Work order:
Within the records below, find the line with "Bring timeless charm" and the line with "紫光檀『清供 博古图』收纳柜", then reproduce exactly those two lines and all lines between them, without any picture.

Material for this task:
━━━━━━━━━━━━━━━━

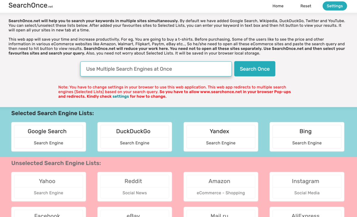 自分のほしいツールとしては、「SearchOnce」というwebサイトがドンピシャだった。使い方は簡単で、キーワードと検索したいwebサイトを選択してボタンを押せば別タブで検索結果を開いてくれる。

━━━━━━━━━━━━━━━━

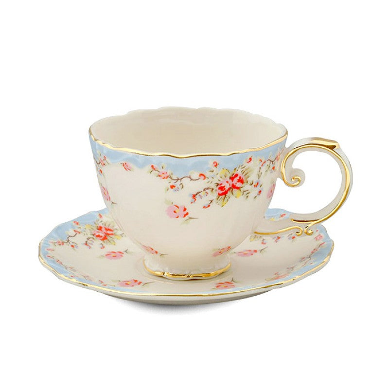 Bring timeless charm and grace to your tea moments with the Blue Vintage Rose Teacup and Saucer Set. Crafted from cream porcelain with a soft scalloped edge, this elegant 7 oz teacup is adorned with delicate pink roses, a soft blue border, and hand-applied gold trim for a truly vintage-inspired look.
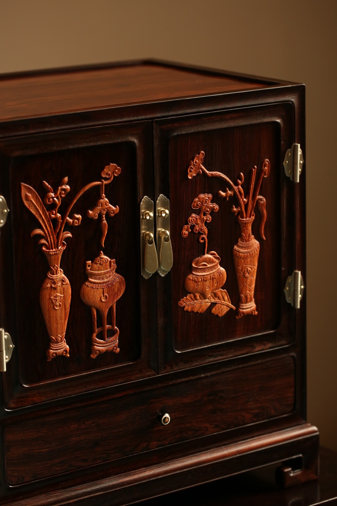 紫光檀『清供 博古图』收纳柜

━━━━━━━━━━━━━━━━

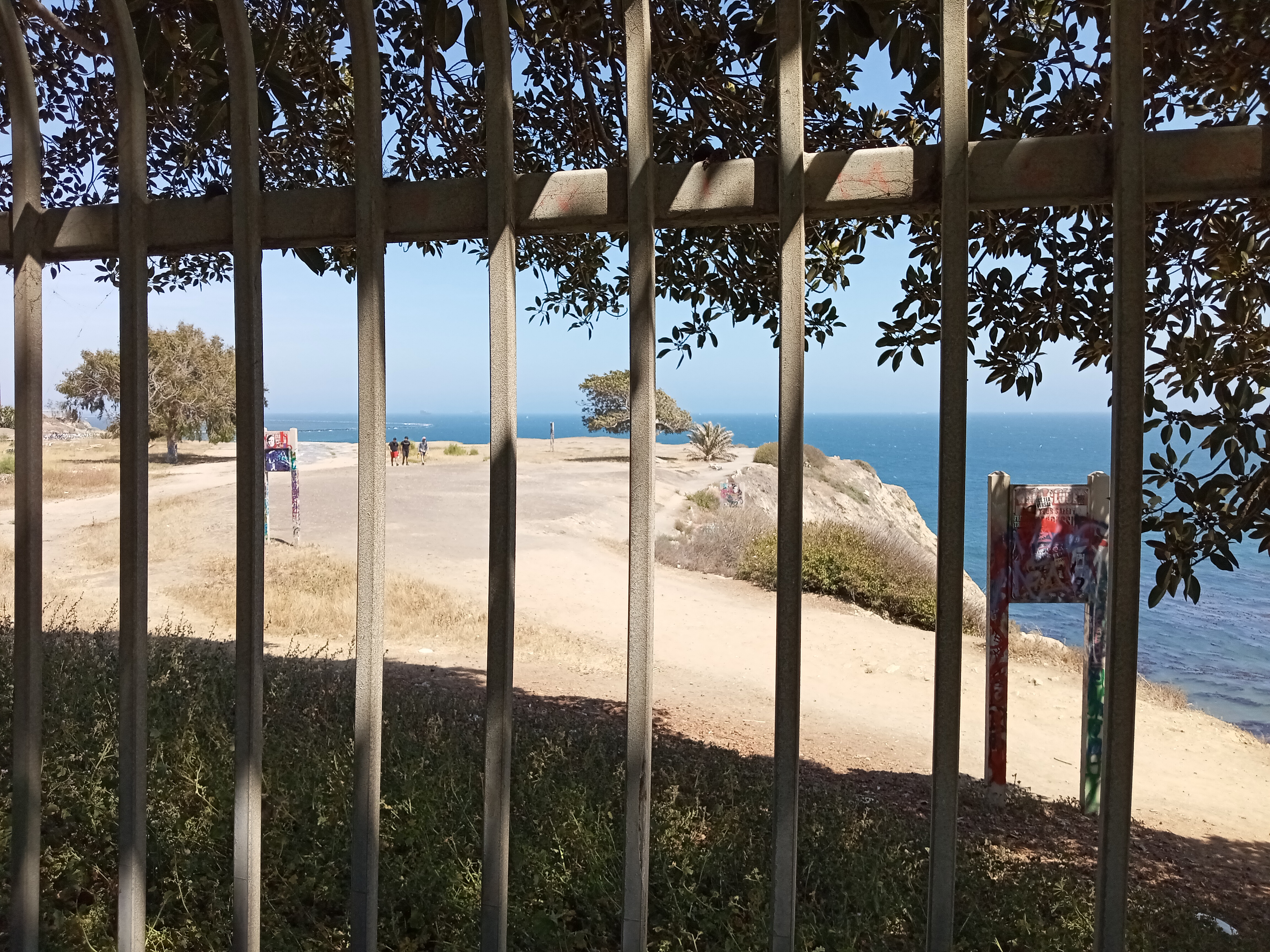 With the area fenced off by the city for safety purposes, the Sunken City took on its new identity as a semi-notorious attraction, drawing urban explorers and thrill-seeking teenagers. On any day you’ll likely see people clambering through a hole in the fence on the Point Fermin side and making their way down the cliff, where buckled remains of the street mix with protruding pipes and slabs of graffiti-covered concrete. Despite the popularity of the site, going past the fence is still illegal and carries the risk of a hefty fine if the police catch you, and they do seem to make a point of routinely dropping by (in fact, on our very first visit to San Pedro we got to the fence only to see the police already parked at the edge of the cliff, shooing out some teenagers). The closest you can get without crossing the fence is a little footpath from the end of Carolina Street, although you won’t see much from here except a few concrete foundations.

━━━━━━━━━━━━━━━━

Written reply:
 Bring timeless charm and grace to your tea moments with the Blue Vintage Rose Teacup and Saucer Set. Crafted from cream porcelain with a soft scalloped edge, this elegant 7 oz teacup is adorned with delicate pink roses, a soft blue border, and hand-applied gold trim for a truly vintage-inspired look.
 紫光檀『清供 博古图』收纳柜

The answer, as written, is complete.